Meta is now exploring a jump from Delaware to Texas or another state. Walmart has reportedly told Delaware lawmakers it, too, might exit. SpaceX already followed Tesla, and at least a dozen other companies are weighing moves to Nevada or Texas this year. (Delaware this spring enacted a new law meant to dissuade companies from leaving.)

The study’s author says he isn’t advocating a view.When I spoke to Grundfest on Sunday, he said, “I’m not drawing any inferences. I’m not telling anybody what it means. The data is the data.”

But if you know Grundfest — who has taught corporate directors how to be directors for 30 years and long weighed in on all sorts of governance issues — the study can be seen as a shot across the bow of Delaware’s activist approach.

The study has its critics, however. It’s a small sample size to begin with, said Joel Fleming, a partner at Equity Litigation Group who represents investors.
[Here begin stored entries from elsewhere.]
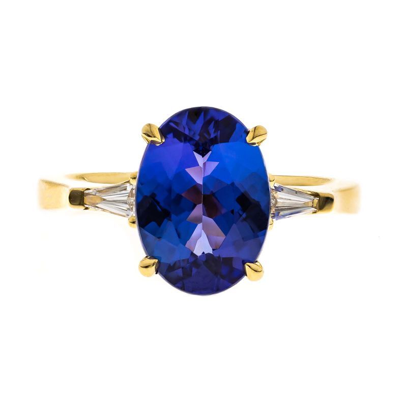18KY 4.38CT TANZANITE WITH .15CT DIAMOND RING | Breckenridge Jewelers
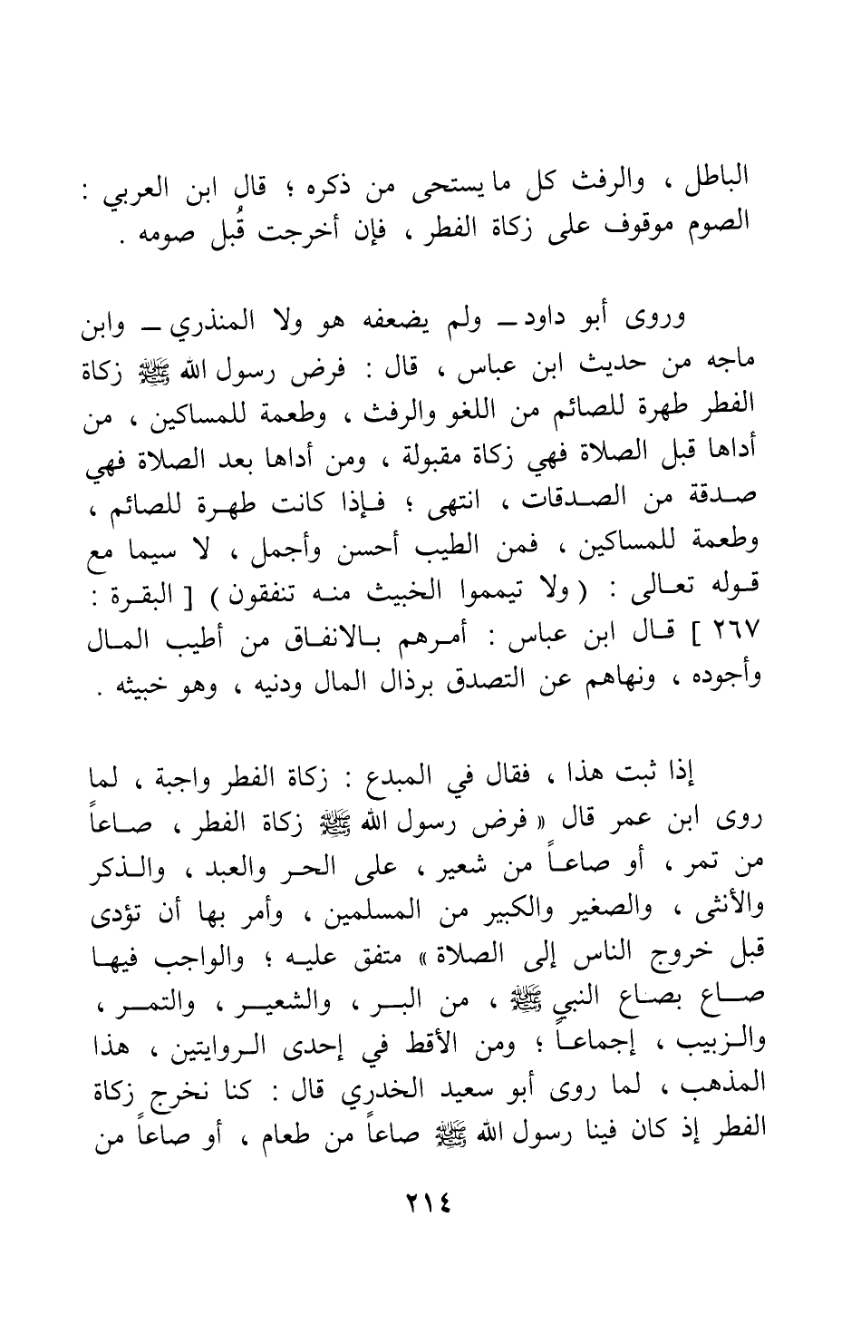 وروى أبو داود - ولم يضعفه هو ولا المنذري - وابن ماجة من حديث ابن عباس، قال: " فرض رسول الله صلى الله عليه وسلم زكاة الفطر طهرة للصائم من اللغو والرفث، وطعمة للمساكين؛ من أداها قبل الصلاة فهي زكاة مقبولة، ومن أداها بعد الصلاة فهي صدقة من الصدقات " 1. انتهى. فإذا كانت طهرة للصائم، وطعمة للمساكين، فمن الطيب أحسن وأجمل، لا سيما مع قوله تعالى: {وَلا تَيَمَّمُوا الْخَبِيثَ مِنْهُ تُنْفِقُونَ} [سورة البقرة آية: 267] ، قال ابن عباس: " أمرهم بالإنفاق من أطيب المال وأجوده، ونهاهم عن التصدق برذال المال ودنيه، وهو خبيثه ".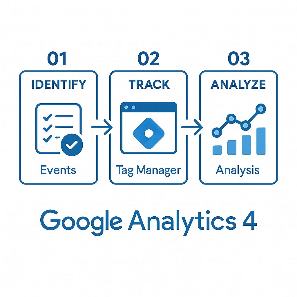 Vient ensuite l’implémentation technique via Google Tag Manager et Google Analytics 4. Le modèle événementiel de GA4 permet de créer et suivre des custom events (clics, téléchargements, scrolls) pouvant être marqués comme key events pour l’analyse.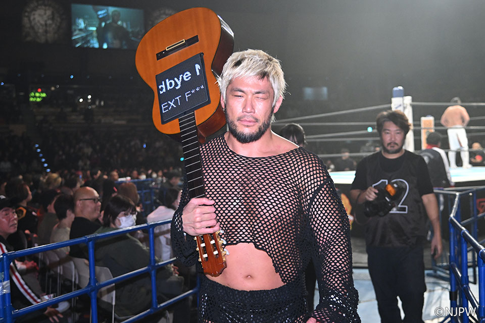 電光掲示板月のギターを片手に、網タイツ風のコスチュームで登場したSANADAだったが、その電光掲示板には「Good Bye NJPW」という意味深なメッセージが映し出された。

Several of the cases the authors include are not actually Delaware fee awards, he said; moreover, the methodology for federal cases is different.

(Grundfest, in response to Fleming’s criticism, told me that “Even if we made all the adjustments that Fleming suggests — adjustments that are objectively unwarranted — Delaware would still remain an outlier on an empirical basis.”)

The authors undercounted the percentage of federal cases with big so-called lodestar attorneys’ fees, Brian Fitzpatrick, a law professor at Vanderbilt University who has studied class action settlements and fee awards, told DealBook.

The question for directors: Are the long-perceived governance protections of Delaware worth the latest verdicts — and the lawyer bills — when Texas or Nevada beckon?

The question for shareholders: Most companies require you to vote for them to leave Delaware. Will you?